Transcribe all of the data verbatim, please, and leave out its pictures.
BEGIN PROVIDED RECORDS
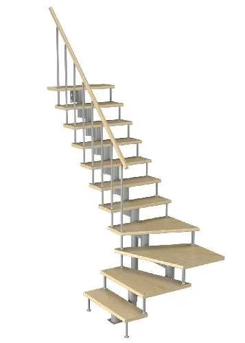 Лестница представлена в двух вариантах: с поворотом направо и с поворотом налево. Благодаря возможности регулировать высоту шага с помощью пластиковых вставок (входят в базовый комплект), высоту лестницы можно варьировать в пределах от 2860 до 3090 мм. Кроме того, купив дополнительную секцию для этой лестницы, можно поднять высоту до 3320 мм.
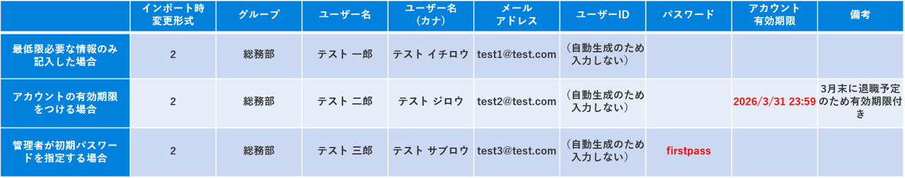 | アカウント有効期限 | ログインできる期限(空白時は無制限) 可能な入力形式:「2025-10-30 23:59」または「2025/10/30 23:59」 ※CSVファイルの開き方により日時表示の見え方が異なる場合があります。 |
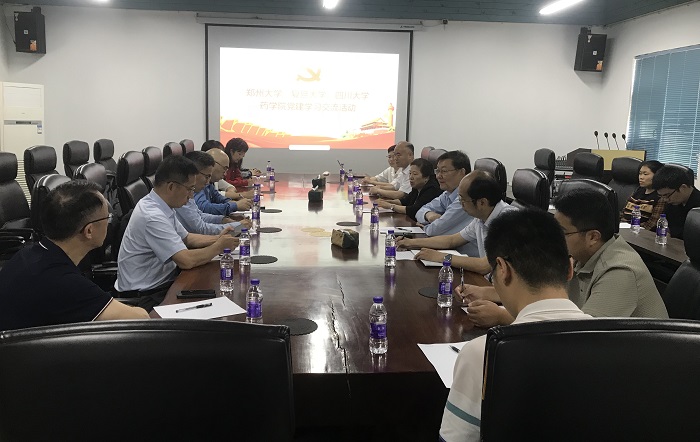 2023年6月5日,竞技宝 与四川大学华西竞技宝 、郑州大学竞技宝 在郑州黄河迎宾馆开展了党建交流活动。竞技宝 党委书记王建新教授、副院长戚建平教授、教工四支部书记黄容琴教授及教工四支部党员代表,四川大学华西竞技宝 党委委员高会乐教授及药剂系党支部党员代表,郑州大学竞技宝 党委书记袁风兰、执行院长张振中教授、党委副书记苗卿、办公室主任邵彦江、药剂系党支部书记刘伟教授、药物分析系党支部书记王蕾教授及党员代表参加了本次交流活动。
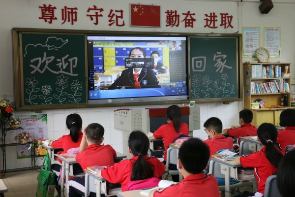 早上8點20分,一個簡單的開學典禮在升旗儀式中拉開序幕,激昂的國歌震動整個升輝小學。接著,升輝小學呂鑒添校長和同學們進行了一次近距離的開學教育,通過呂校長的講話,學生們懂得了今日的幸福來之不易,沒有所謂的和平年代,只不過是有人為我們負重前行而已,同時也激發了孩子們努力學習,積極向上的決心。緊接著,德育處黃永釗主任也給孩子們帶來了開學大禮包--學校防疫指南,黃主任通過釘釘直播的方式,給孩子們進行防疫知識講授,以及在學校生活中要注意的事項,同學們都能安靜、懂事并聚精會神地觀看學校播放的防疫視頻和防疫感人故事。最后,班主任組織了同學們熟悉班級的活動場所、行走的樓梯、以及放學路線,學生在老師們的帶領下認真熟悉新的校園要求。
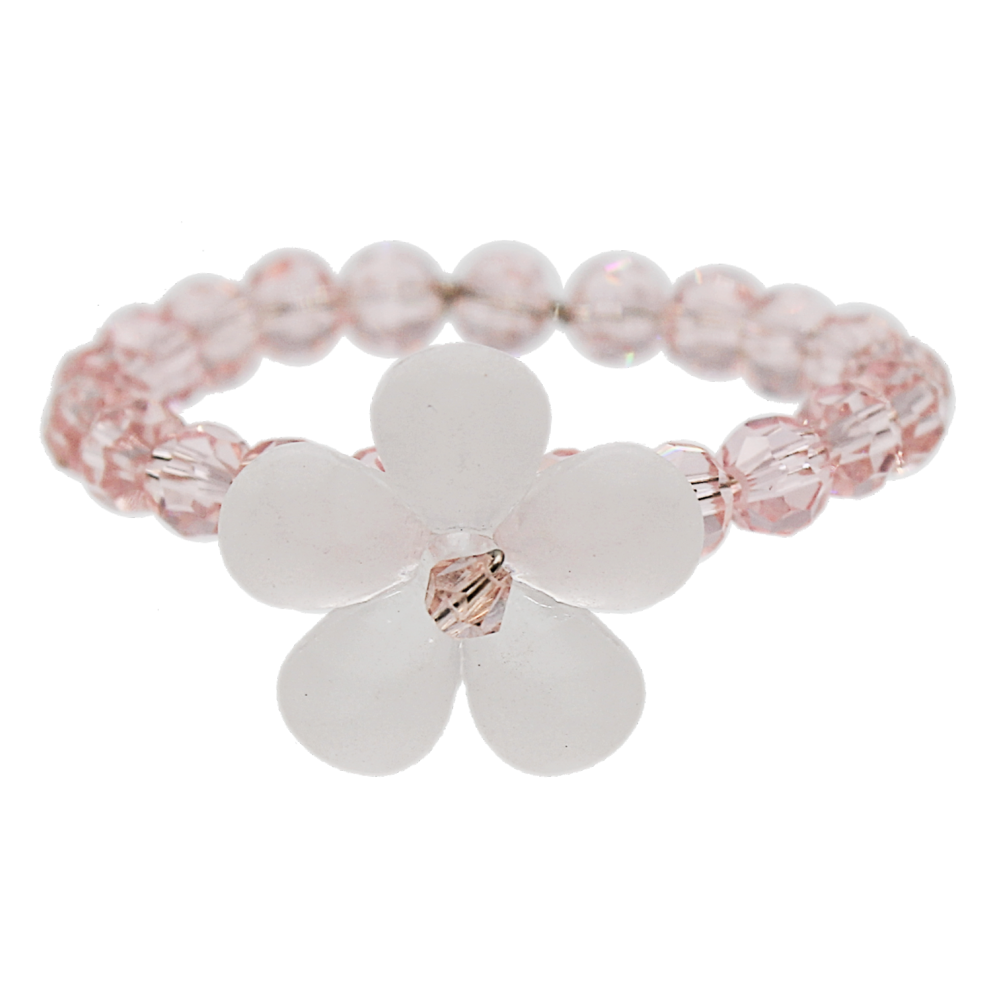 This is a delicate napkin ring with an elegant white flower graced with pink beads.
END PROVIDED RECORDS
**OUTPUT OF THE EXERCISE**.
 Лестница представлена в двух вариантах: с поворотом направо и с поворотом налево. Благодаря возможности регулировать высоту шага с помощью пластиковых вставок (входят в базовый комплект), высоту лестницы можно варьировать в пределах от 2860 до 3090 мм. Кроме того, купив дополнительную секцию для этой лестницы, можно поднять высоту до 3320 мм.
 | アカウント有効期限 | ログインできる期限(空白時は無制限) 可能な入力形式:「2025-10-30 23:59」または「2025/10/30 23:59」 ※CSVファイルの開き方により日時表示の見え方が異なる場合があります。 |
 2023年6月5日,竞技宝 与四川大学华西竞技宝 、郑州大学竞技宝 在郑州黄河迎宾馆开展了党建交流活动。竞技宝 党委书记王建新教授、副院长戚建平教授、教工四支部书记黄容琴教授及教工四支部党员代表,四川大学华西竞技宝 党委委员高会乐教授及药剂系党支部党员代表,郑州大学竞技宝 党委书记袁风兰、执行院长张振中教授、党委副书记苗卿、办公室主任邵彦江、药剂系党支部书记刘伟教授、药物分析系党支部书记王蕾教授及党员代表参加了本次交流活动。
 早上8點20分,一個簡單的開學典禮在升旗儀式中拉開序幕,激昂的國歌震動整個升輝小學。接著,升輝小學呂鑒添校長和同學們進行了一次近距離的開學教育,通過呂校長的講話,學生們懂得了今日的幸福來之不易,沒有所謂的和平年代,只不過是有人為我們負重前行而已,同時也激發了孩子們努力學習,積極向上的決心。緊接著,德育處黃永釗主任也給孩子們帶來了開學大禮包--學校防疫指南,黃主任通過釘釘直播的方式,給孩子們進行防疫知識講授,以及在學校生活中要注意的事項,同學們都能安靜、懂事并聚精會神地觀看學校播放的防疫視頻和防疫感人故事。最后,班主任組織了同學們熟悉班級的活動場所、行走的樓梯、以及放學路線,學生在老師們的帶領下認真熟悉新的校園要求。
 This is a delicate napkin ring with an elegant white flower graced with pink beads.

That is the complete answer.